The methods of testing honey include pollen analysis to determine the origin of the honey as well as nuclear magnetic resonance imaging, which can identify what sugars may be present based on the number of carbon isotopes. Newer analyses can determine if the bees gathering the honey have been given antibiotics or may have been exposed to pesticides. The nearest testing lab is at a U.S. Department of Agriculture facility in Gastonia that is funded by user fees, meaning beekeepers and distributors have to come out of pocket to prove or verify that their products are the real deal.
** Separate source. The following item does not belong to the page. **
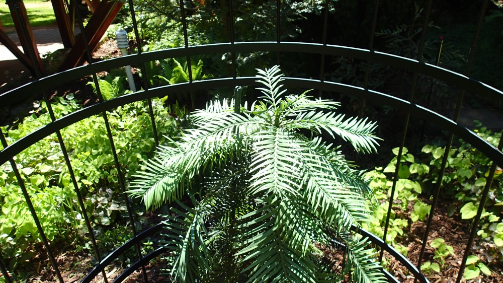 Wollemia nobilis - wollemie vznešená v Arboretu Žampach v roce 2017 - venkovní stanoviště: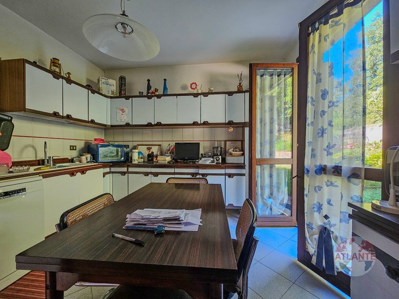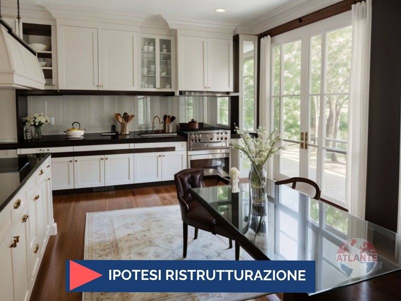 Cucina Funzionale: La cucina, spaziosa e ben organizzata, offre accesso al lato posteriore della villa, garantendo totale privacy nel tuo giardino esclusivo.

All the beekeepers interviewed for this story recommended that aspiring beekeepers join a local club to improve their knowledge and skills while also testing their products frequently. Zachary and Binnie added that if consumers want to do what they can to make sure they’re buying and consuming real honey, they should come to know local beekeepers and buy directly from them. Basically, everyone should know exactly where their product is coming from.

“I invite my customers out all the time,” Zachary said. “I try to educate people who buy from me, so they know they’re getting real honey, and once you start doing that, you can taste the difference.”